How was the attack caught?

The executive on the call noticed small visual inconsistencies — lip-sync drift at certain moments, pose-limit artifacts — and insisted on following WPP's verification procedure. That procedure required a callback on a known-good number before any commitment, which the attackers couldn't sustain.

WPP has significant discretionary spend authority across its network; an attacker who could impersonate the CEO could plausibly authorize large vendor payments. The ad-industry ecosystem also has many M&A conversations where confidential new-venture framing is credible.

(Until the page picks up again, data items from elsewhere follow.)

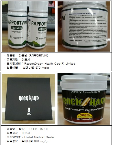 ‘라포빔(RAPPORTVIM)’과 ‘락하드(ROCK HARD)’는 실데나필이 각각 570mg/g, 826mg/g이나 검출됐다. ‘맨파워 365(MAN POWER 365)'와 ‘파극천’은 타다라필이 각각 25.2mg/g, 24.5mg/g 검출됐다.
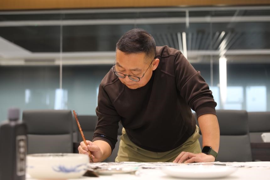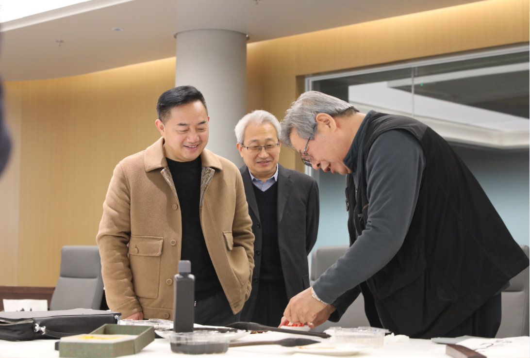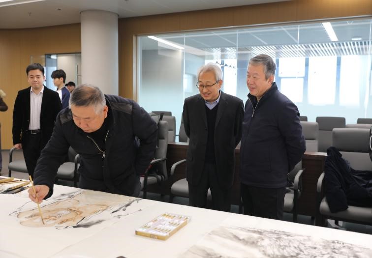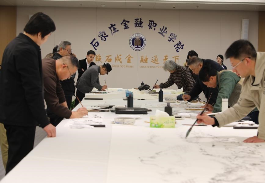 活动高潮迭起,八位艺术家联袂执笔、同心创作,共同完成一幅气势恢宏的丈二整纸书画作品。这幅凝聚众家心血的艺术精品,既展现了当代书画艺术的高超水准,更饱含着对我校高质量发展的美好祝愿。
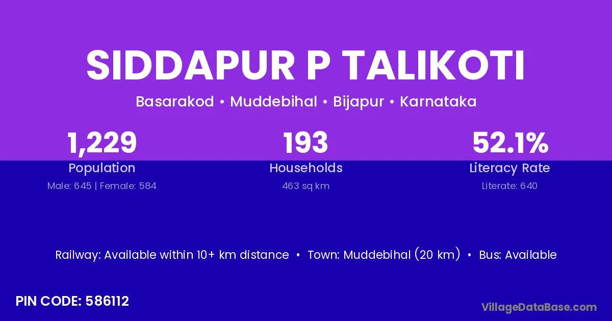Muddebihal (20 km) is the nearest town to Siddapur P Talikoti village for major economic activities and is located approximately 20 km away.

Deepfake case study · Multi-modal

The WPP CEO Deepfake Attempt (May 2024)

Attackers cloned the voice and face of WPP CEO Mark Read to try to launch a fake company on a WhatsApp video call. The attempt was caught — a rare success story and a playbook for what verification looks like in 2026.

Incident date: May 2024
Target: WPP (world's largest advertising group)
Outcome: Attack foiled by internal verification; no funds lost

Updated Apr 16, 2026 · 2 min read

On May 9, 2024, a senior WPP executive received a WhatsApp message purportedly from CEO Mark Read requesting a video call about a confidential new business venture. The caller looked and sounded exactly like Read. Small visual inconsistencies during the call — lip-sync drift, pose-limit artifacts when Read's "face" turned — tripped the executive's suspicion, and they insisted on WPP's standard verification process. The call was not followed through.

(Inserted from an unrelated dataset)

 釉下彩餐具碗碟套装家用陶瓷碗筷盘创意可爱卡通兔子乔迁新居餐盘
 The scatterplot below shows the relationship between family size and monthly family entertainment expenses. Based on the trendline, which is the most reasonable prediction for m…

It's the rare case where the defender won cleanly.

Why this case matters

Most public deepfake incidents are failures — losses suffered, detection after the fact. WPP's case documented, in detail, how a combination of visual skepticism + procedural verification foiled an attack that the Arup $25.6M fraud had succeeded at just three months earlier.

The attack stack

Based on Read's own post-incident description:

Voice cloning trained on public Read audio (interviews, conferences, YouTube).
Face reenactment or pre-rendered face swap on the video call.
Spoofed WhatsApp photo/display name matching Read's real account.
Social engineering — confidential new-venture framing to discourage verification.

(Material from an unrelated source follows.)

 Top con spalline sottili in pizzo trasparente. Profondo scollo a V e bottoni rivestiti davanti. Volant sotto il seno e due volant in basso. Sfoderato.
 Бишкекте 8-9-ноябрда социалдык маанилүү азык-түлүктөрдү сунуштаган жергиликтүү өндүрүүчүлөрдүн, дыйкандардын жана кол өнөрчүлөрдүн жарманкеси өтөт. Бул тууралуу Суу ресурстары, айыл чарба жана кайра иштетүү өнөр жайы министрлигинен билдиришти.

The production quality was high enough to pass Read's own colleagues' initial visual check. What stopped the attack wasn't detection — it was policy.

The successful defense

WPP had in place:

Written verification policy requiring callback on a known-good channel for any financial commitment during a video call.
Cultural norm that following the verification policy wasn't seen as distrust — it was the default.
Employee training that framed "it sounds real" as not sufficient.

The targeted executive's visual skepticism was a useful flag, but it wasn't the primary defense. The primary defense was the policy that triggered verification regardless of visual conviction.

Generalizable playbook

For any firm concerned about this attack class, the pattern that worked at WPP:

Define verification channels in advance — specific numbers, apps, or procedures for authorizing any transfer or commitment.
Make verification cultural, not optional. "Of course I trust you, and of course I'll still follow the process."
Normalize pauses. Most deepfake attacks rely on time pressure. A 15-minute "let me verify" kills most of them.
Pair policy with deepfake detection on recorded artifacts where available — not as the primary defense, but as a secondary layer.

What detection would have added

WPP didn't use real-time video deepfake detection on the call itself — the capability was immature in May 2024 and remains emerging in 2026. Had detection been available on the call, it would have been a confirmatory signal. But the procedural defense worked without it.

The lesson: don't wait for real-time detection before putting verification policy in place. The policy is the control; detection is the assist.